The Oil Ministry is mulling a ban on the supply of scarce domestically produced natural gas to merchant power plants,a senior government official said today.
As per the proposal,domestic natural gas,which is available at one-third the price of imported LNG,will only be supplied to companies that sell all power produced from this gas at regulated tariffs,a ministry official said.
Merchant power plants are units that do not enter into any long-term power purchase contract for the sale of power and instead sell their output in the spot market. Tariffs in the spot market depend on the supply and demand situation and have on many occasions been several times that of regulated tariffs.
The official said a scarce natural resource cannot be used for profiteering.
“It is felt that domestically available scarce gas (which is substantially cheaper than the imported LNG) should be made available only to those power plants that are willing to sell power to the grid so that power is available to people at large at regulated rates,” he said.
Against the demand of 230 million cubic metres per day,India produces about 166 mmscmd,including close to 45 mmscmd from Reliance Industries’ eastern offshore KG-D6 fields.
KG-D6 gas and other domestically produced gas is priced at USD 4.20 per million British thermal units,while imported gas in its liquid form (called liquefied natural gas,or LNG) costs upward of USD 13-14 per mmBtu.
Of the 21.87 mmscmd of KG-D6 gas that has been allocated to 27 power plants in the country,at least two of them (the Lanco Kondapalli expansion and Tanir Bavi in Andhra Pradesh) are merchant power plants that sell power during peak seasons to private entities at an average price premium of about Rs 2 per unit compared to the regulated rates.
The official said a view on the 1.46 mmscmd allocated to Lanco and 0.88 mmscmd supplied to Tanir Bavi will have to be taken by the Empowered Group of Ministers (EGoM).
“In view of the scarcity of domestic gas,the current and future allocations of domestic gas will be subject to the condition that the entire electricity produced from this gas shall be sold under long-term Power Purchase Agreements to the grid/distribution companies at regulated tariffs approved by the regulator(s),” the policy under formulation reads.
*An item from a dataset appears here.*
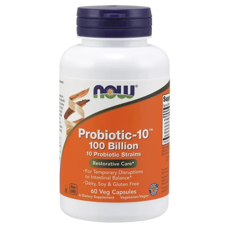 NOW Probiotic-10 siūlo subalansuotą gyvų mikroorganizmų spektrą, susidedantį iš rūgščią atlaikančių probiotinių bakterijų štamų, kurie natūraliai kolonizuoja žmogaus žarnyno traktą. Probiotinės bakterijos yra būtinos sveikam virškinimui, padeda išlaikyti žarnyno gleivinės vientisumą, palaiko tinkamą žarnyno judrumą ir dalyvauja detoksikacijos procese. Probiotic-10 naudoja bakterijų štamus, kurie buvo klinikiniais tyrimais patvirtinti dėl jų pagalbos palaikant sveiką imuninės sistemos funkciją.

The official said the Gas Utilisation Policy has prioritised allocation from KG-D6 fields to urea-manufacturing fertiliser plants,LPG extraction units,power plants and city gas distribution projects and thereafter to steel,petrochemical,refinery and captive power plants.
The policy has placed captive and merchant power/feed stock for fuel purposes at the bottom of the list of priority-based gas allocation.
The Power Ministry,too,is of the view that for private sector projects,a PPA for at least 85 per cent of the allotted gas should be a precondition for drawal of domestic gas.